A place like Laurelhurst, which is better than some, not as fancy as others, still costs a few grand every month. Medicaid covers some – including $60 a month for personal expenses – but not enough, which is why Mike is watching his savings dwindle.

“By the time I am no longer to take care of myself,” he says. “If there is no more Medicaid available to me, I’m not quite sure what I will do.”

Mike is the youngest of three brothers – one who has spent his life at a job and the other who has spent his life in the military – and he wonders if his next step might be helping take care of one of them.

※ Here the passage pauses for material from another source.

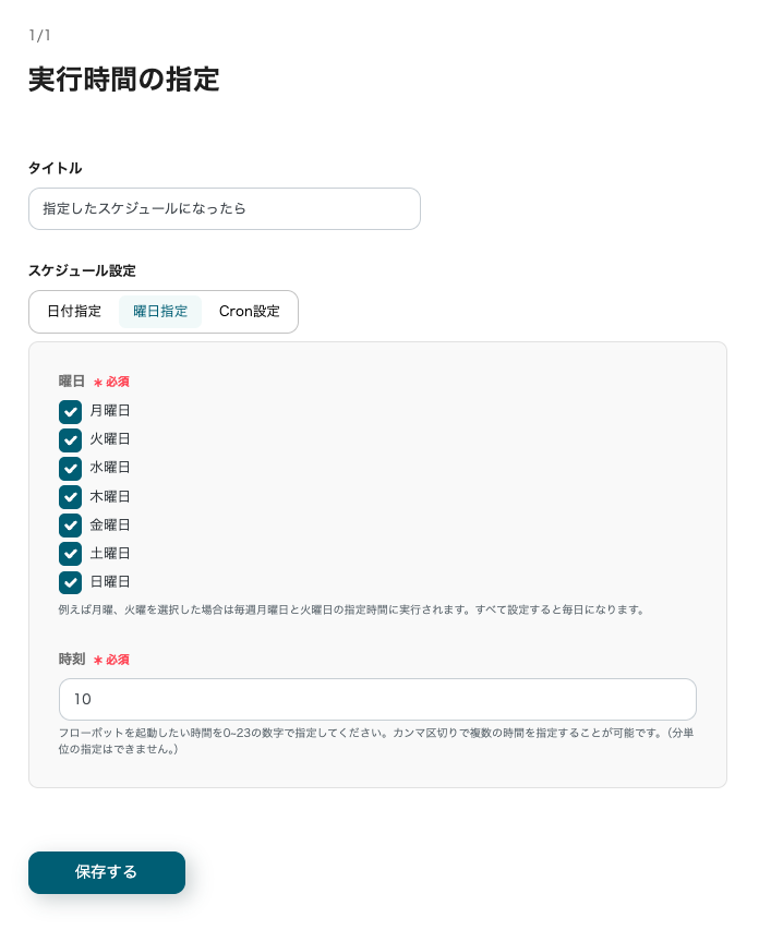 今回は、毎日朝10時に起動する設定にしています。任意のタイミングに変更が可能です。Cron設定を使用すれば、より細かい時間の設定もできます。

“Would I have liked to have been married, to have spent my life at a good job, to have bought a new car once,” he wonders. “Of course. But taking care of family, there is nothing more important than that. My mom and dad took care of their parents, they took care of me Then I took care of my dad and now her.

“I don’t understand why people don’t see how important it is to look after the people around them. It seems so basic yet so incomprehensible to so many.”

Betty looks at her son.

“You’re a good son,” she says. “A good person.”